Да, пожалуй, плакат был единственным эмоциональным предметом здесь. Он напоминал Кире, зачем она все это затеяла. Иногда она работала так много, что не успевала есть, смотреть на часы и не откликалась на свое имя. Это «зачем» заставляло ее частенько оставаться на ночь в лаборатории и спать на матрасе, который раньше стоял скрученным в подсобке. Вчера она его наконец выбросила, надеясь, что на новом месте найдется хотя бы кушетка.
Кира даже в мыслях пока не называла новый научный центр своим. Ей мерещились злые, колючие глаза «Федора Михайловича» в коридоре, и она непроизвольно вздрагивала. Его «подарок» Кира не могла назвать насилием – но это было именно оно. Он как будто зажал ей рот руками, чтобы не дергалась, – но руками деликатными и мягкими, как тогда, в клубе.
«Что у тебя в голове, Соколов?
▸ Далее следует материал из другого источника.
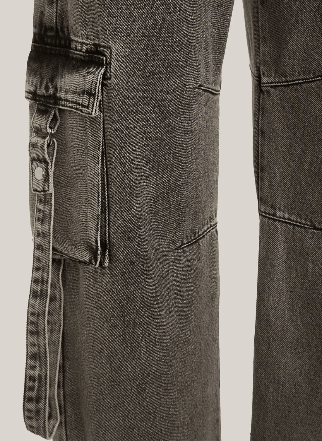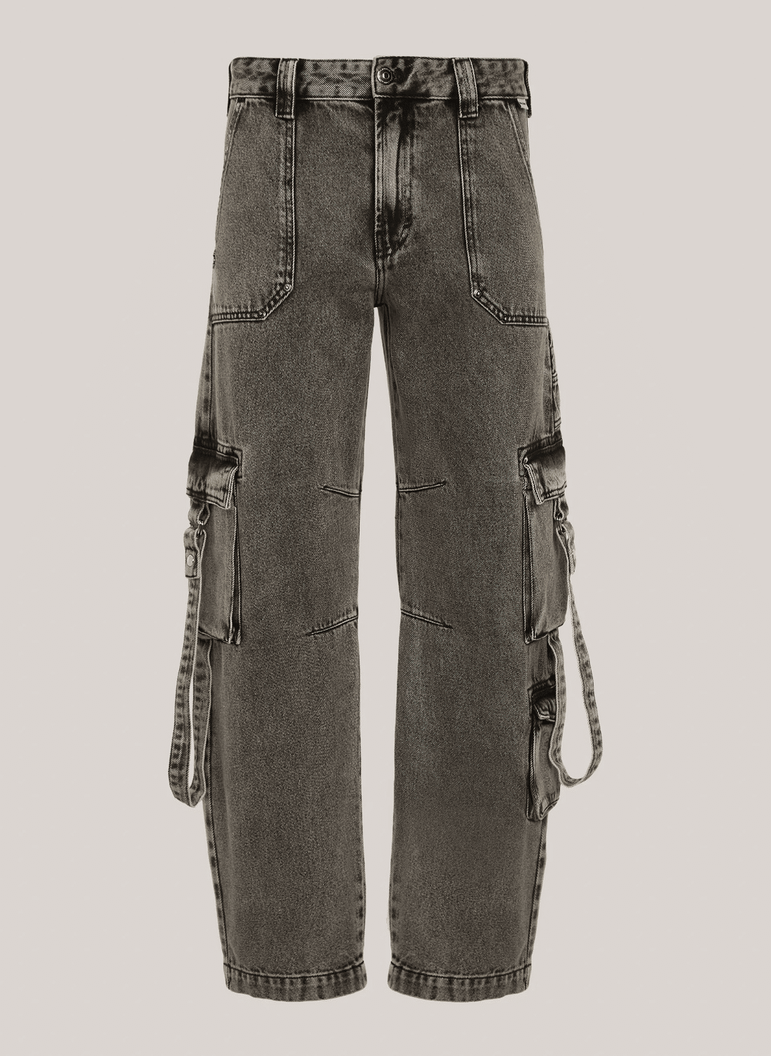 Confeccionada em jeans com lavagem marmorizada, a Calça possui modelagem cargo, cós com passantes, seis bolsos, fechamento frontal por zíper e botão, faixas do mesmo tecidos aplicadas, etiqueta externa aplicada e acabamento pespontado.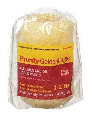 Purdy's Golden Eagle roller covers hold more paint which allows you to finish faster. Made with a high density knitted polyester fabric, it carries a large amount of material and releases very evenly. For use with either oil-base or water-base paints, and for interior or exterior applications.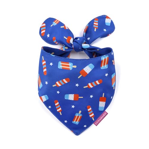 LunaMarie - Luxury Pet Birthday Bandanas -Premium & Silky Poly Fabric | 100% Handmade | Custom Shape Dual Layered (4th of July, Large)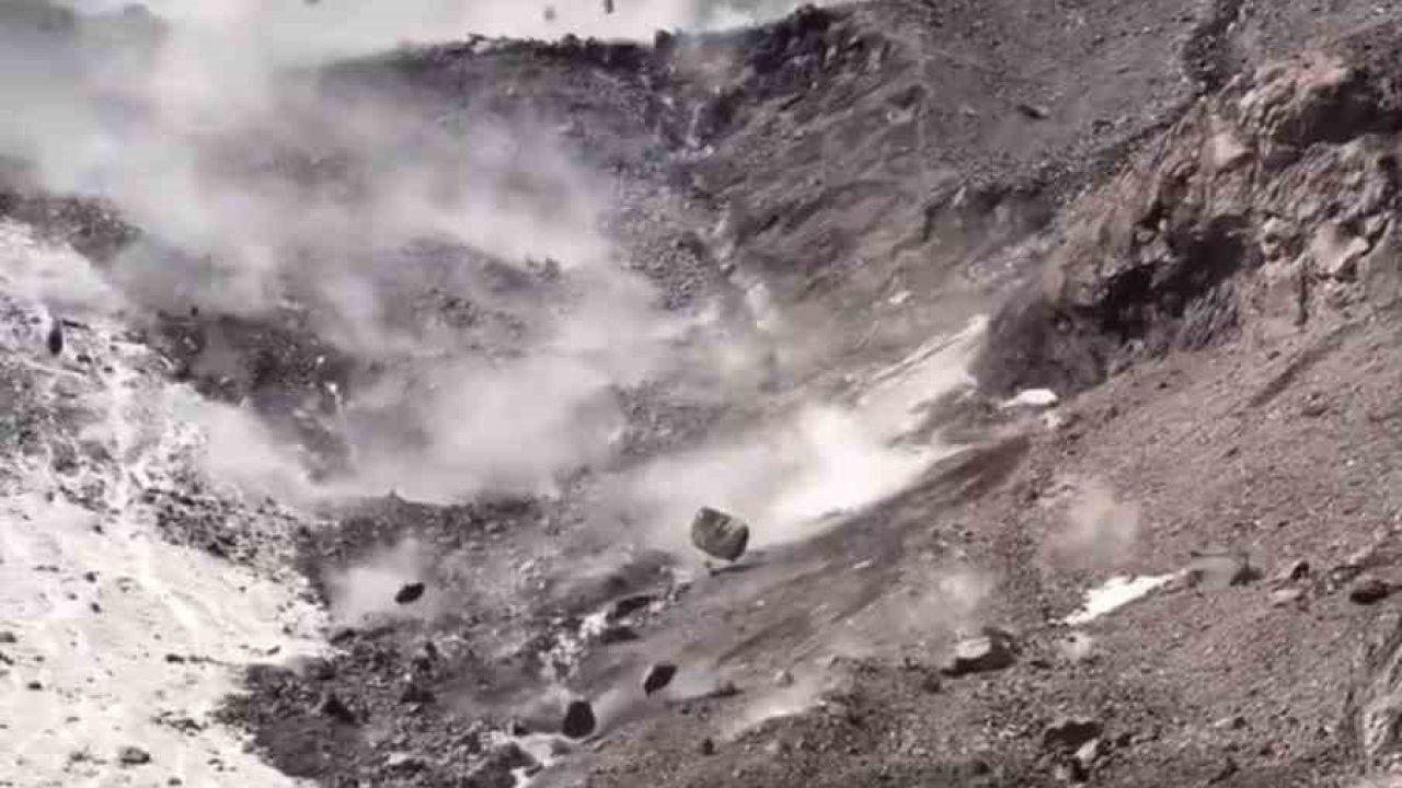 Sıcak hava dalgası Ağrı Dağı"nda kaya düşmelerini tetikledi. Büyük gürültülerle yuvarlanan kayalar toz bulutları oluşturdu.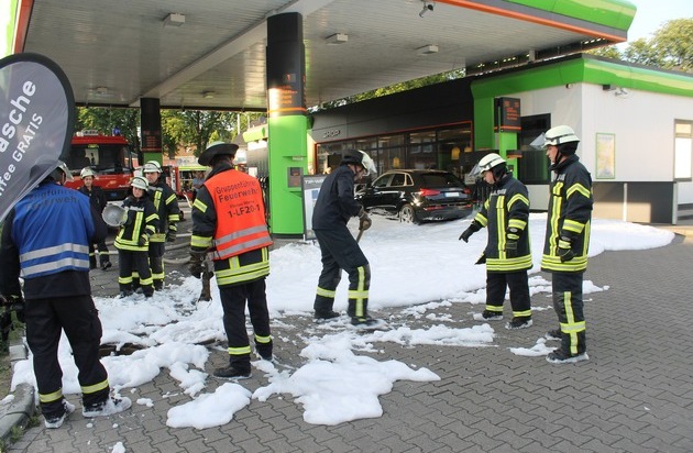 Um 19:26 Uhr wurde der Löschzug 1 Stadtmitte am gestrigen Mittwoch zu einem Technischen Hilfeleistungs-Einsatz alarmiert. An einer ortsansässigen Tankstelle auf der Kamener Straße waren beim betanken eines Audis aus bislang nicht geklärter Ursache größere Mengen Ottokraftstoff ausgelaufen. Dieser Kraftstoff gehört zur Maßnahmengruppe 33 und ist leicht entzündlich mit einem Flammpunkt ab 23°C. Da die Außentemperaturen noch um die 25°C lagen, bestand akute Brandgefahr. Der Löschzug 1 rückte mit 12 Einsatzkräften, einem Einsatzleitwagen (ELW), einem Löschgruppenfahrzeug (LF) und einem Rüstwagen (RW) aus. Um die Brandgefahr zu beheben, wurde der betroffene Bereich mit einen Schaumteppich abgedeckt. Da die Tankstelle über einen Ölabscheider verfügte, war damit zunächst die Gefahr beseitigt. Knapp eine Stunde später kam eine erneute Alarmierung durch die Leitstelle, da beim Verladen des defekten Fahrzeugs erneut größere Mengen an Ottokraftstoff ausliefen, erneut den Hof, diesmal aber auch die Ladefläche des Abschlepp-LKW kontaminierte. Wieder rückten LF und RW aus, um die Brandgefahr zu beseitigen.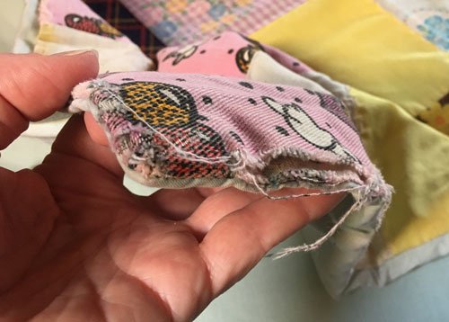 Along the same lines, after my mother-in-law died I found a box of quilted squares she had hand-sewn back in the 1970s. I washed and ironed them. My daughter-in-law helped me sort them by color and helped me design them into a baby quilt for grandson #2. The leftover blocks I used to make throw pillows for family members. It is a treasure for all of them to have the quilt blocks. In that case, I backed each block with a muslin and again, stitched a decorative stitch over each seam to catch both sides of the fabric and help it last.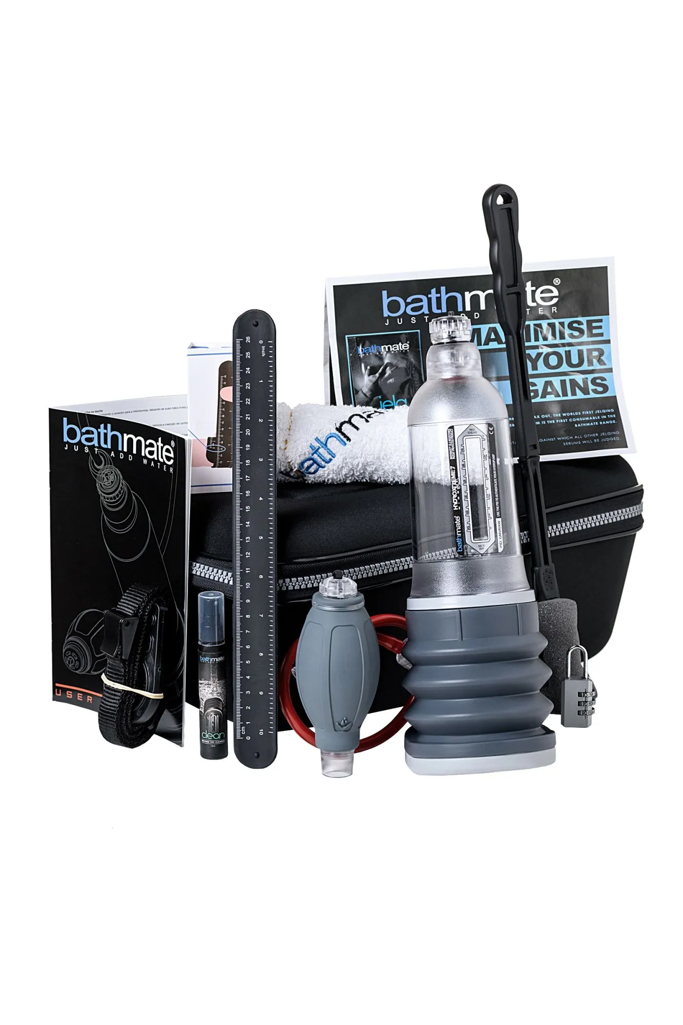 Суперновинка в серии гидропомп Bathmate! • Мощнее на 35% больше, чем Геркулес, благодаря своей уникальной, разработанной насосной системы. • Шире, чем Hydromax X20, X30, X40. • Для длины от 12,5 до 17,5 см. • Для ширины до 5,5 см (как X40). • Уплотнительное кольцо выполнено в виде удлиненной вставки. • Клапан выпуска воды фиксируется крайними положениями. Колба разворачивается на 360 градусов – Вы легко увидите полную визуальную картину всего происходящего, а наклонная опция изменения угла необходима для оптимальной эффективности при использовании в ванне или под душем. Новый клапан позволяет пользоваться помпой одной рукой, делая использование намного проще для вас. Зафиксируйте с помощью мерной шкалы отметку "до" и "после" и гордитесь полученным результатом! Внимание! Данная помпа подойдет для тех, у кого длина пениса в эрегированном состоянии не более 180 мм.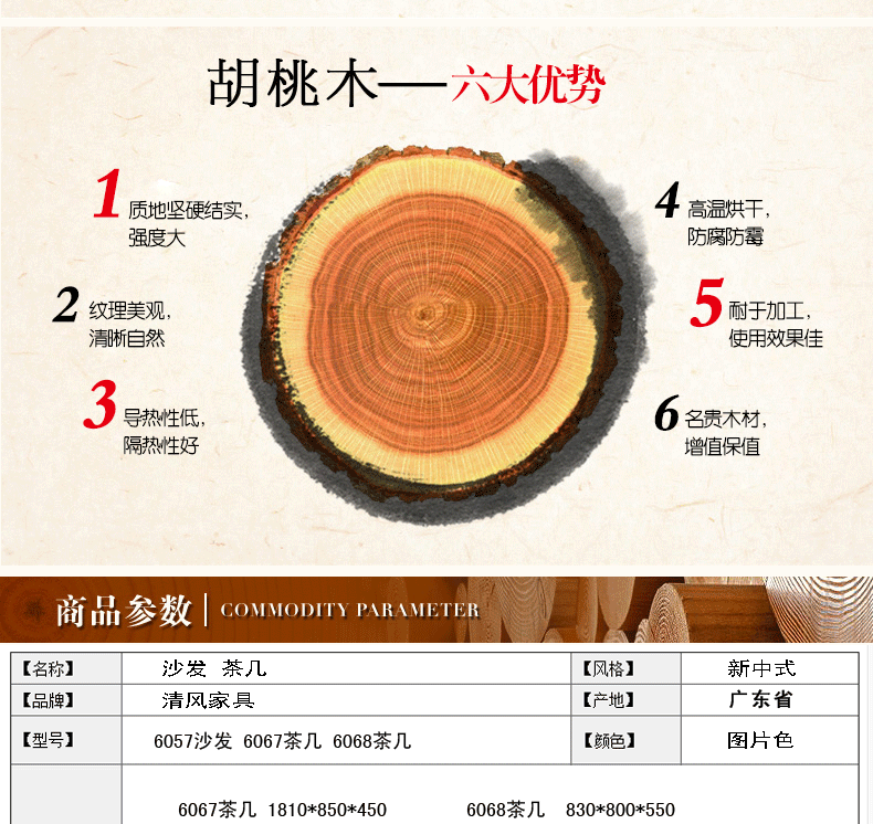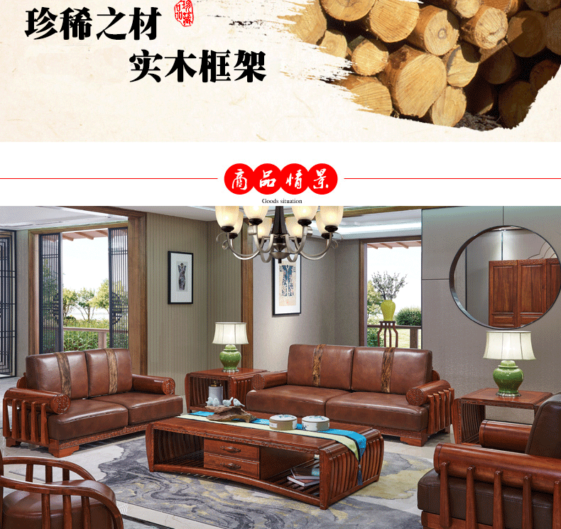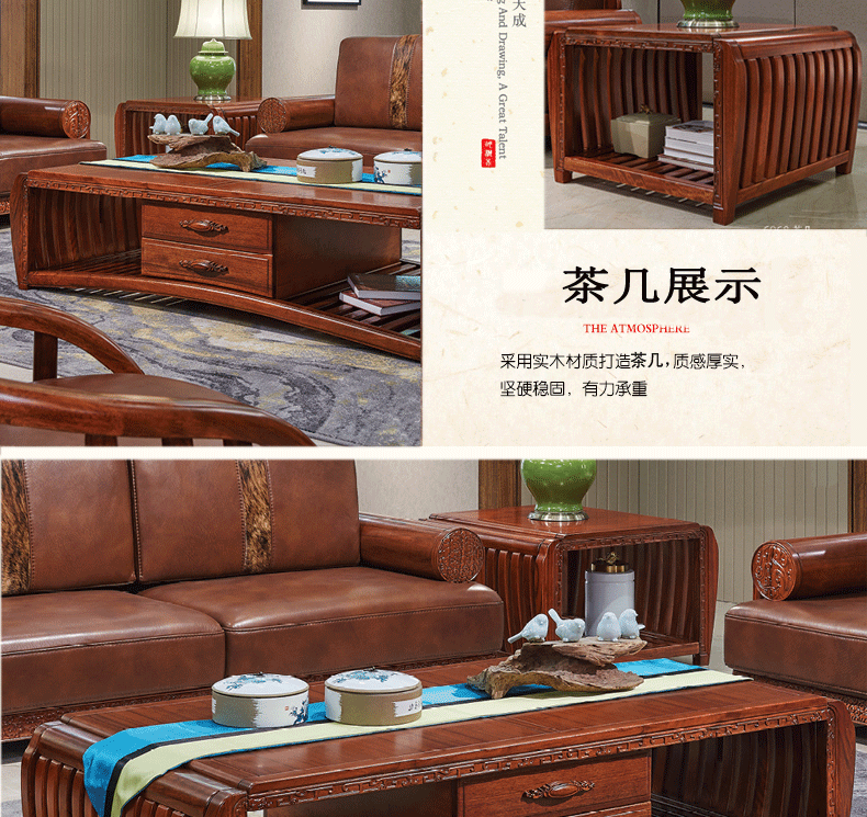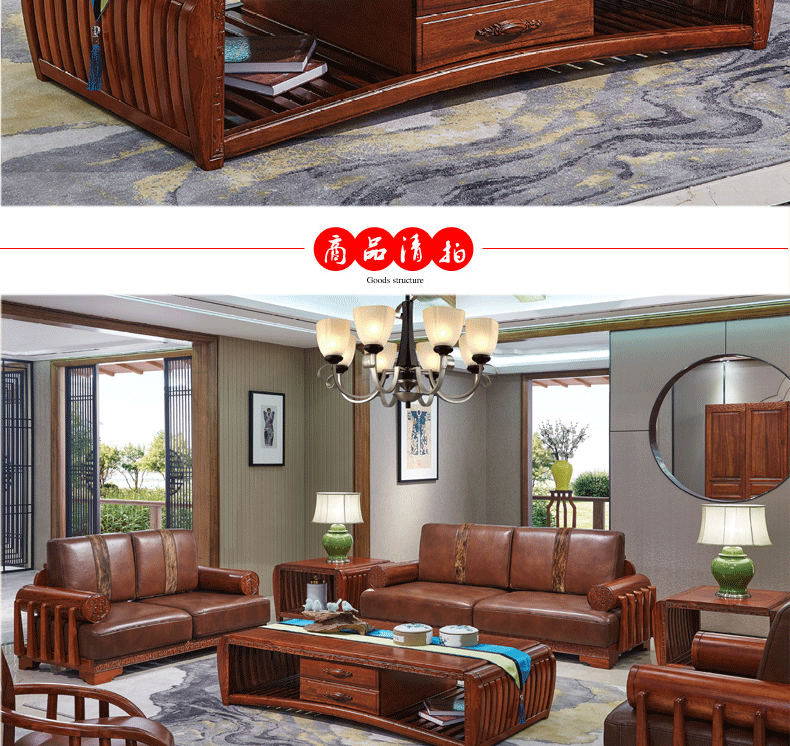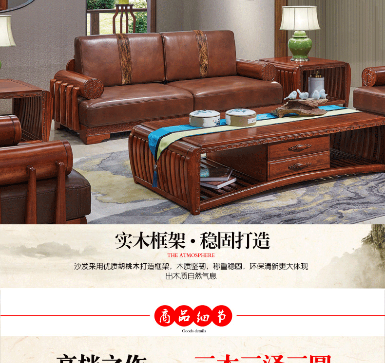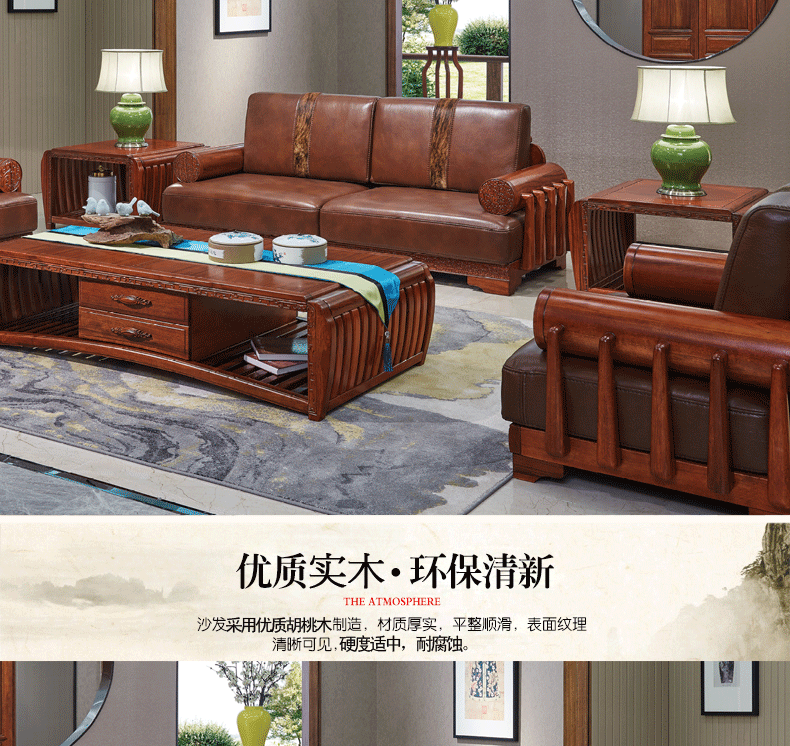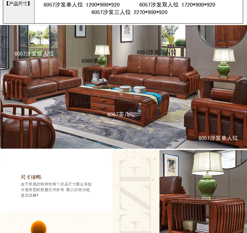 清风 客厅沙发组合新中式风格 茶几沙发组合6057沙发6067茶几6068茶几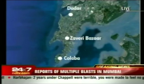 A Mumbai ci sono state tre forti esplosioni in altrettante aree molto affollate della città. Le notizie al momento sono ancora parziali, ma si parla di almeno otto morti e almeno 70 feriti. Il ministro dell’Interno indiano ha detto che probabilmente si è trattato di un attentato terroristico. Le esplosioni si sono verificate: una nella zona dell’Opera House, nell’area sud della città, una nei pressi del tempio Dadar e una terza nell’affollato mercato di gioielli e oggetti preziosi Zaveri Bazaar sempre nella zona meridionale di Mumbai.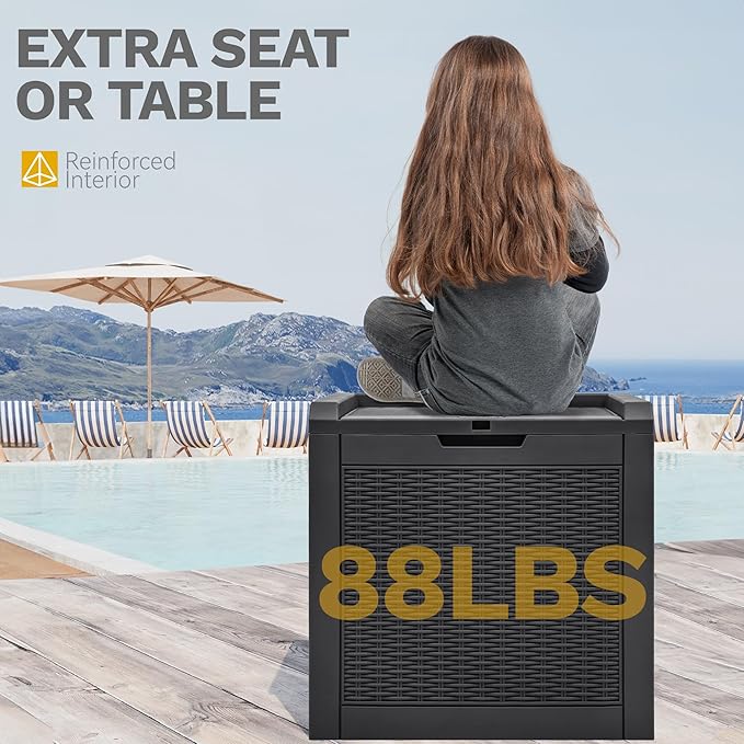 - Spacious Storage: Boasts a large capacity of 32 gallons and dimensions measuring 22" x 16.9" x 22"(LxWxH), this deck box provides ample room for organizing patio furniture cushions, gardening tools, outdoor supplies, and pool accessories
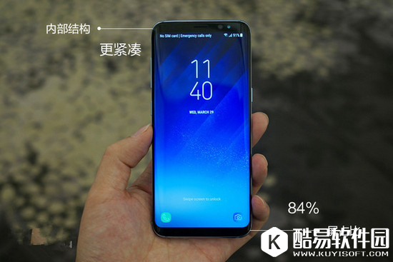 柔性屏幕几乎消除了左右边框,手机上下两端的空间同样进行了结构优化,竟然把屏占比提高至84%。三星Galaxy S8/S8+并未牺牲功能性以换取美观度,视觉上显得极为平衡。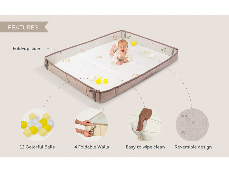 Extra velká, oboustranná pěnová hrací deka vyniká svou univerzálností a pohodlím pro vás i vaše dítě od narození. Jedinečné zvednuté okraje vytvářejí bezpečnou, uzavřenou hrací plochu, udržují hračky a míčky na dece a poskytují miminku pocit bezpečí. Starším dětem okraje snadno položíte, abyste maximalizovali plochu na hraní.

Чего ты добиваешься?»
В глубине души она знала ответ: Соколов хочет полного контроля и подчинения, чтобы спокойно делать с ней все, что заблагорассудится. Но это была слишком страшная мысль, чтобы признать ее здесь и сейчас, на пороге новой жизни.
Кира быстро опустилась на колени и стала шарить в тумбочке, ища пластырь. Она подумает об этом позже, а пока просто остановит кровь.
Остановит эти дурацкие мысли.
«В конце концов, по документам это действительно мое здание».
Нет, не твое.
Голос изнутри был неумолим.
«Ну и черт с тобой! – рявкнула она голосу. – Заткнись!»
Голос не ответил, и Кира, пискнув карточкой, пошла по коридору. Она прижимала к себе коробку, будто та была спасательным кругом, а ей предстояло нырнуть за борт, в бушующее ночное море.
Кира очнулась от воспоминаний, все еще глядя на палец. Она сидела на веранде научного центра в шезлонге и смотрела на безмятежные поляны зеленой травы и синеющие каналы с водой внизу. Было самое начало июня, облака по небу бежали быстро и все еще дрожали от холодного дыхания только что закончившейся весны.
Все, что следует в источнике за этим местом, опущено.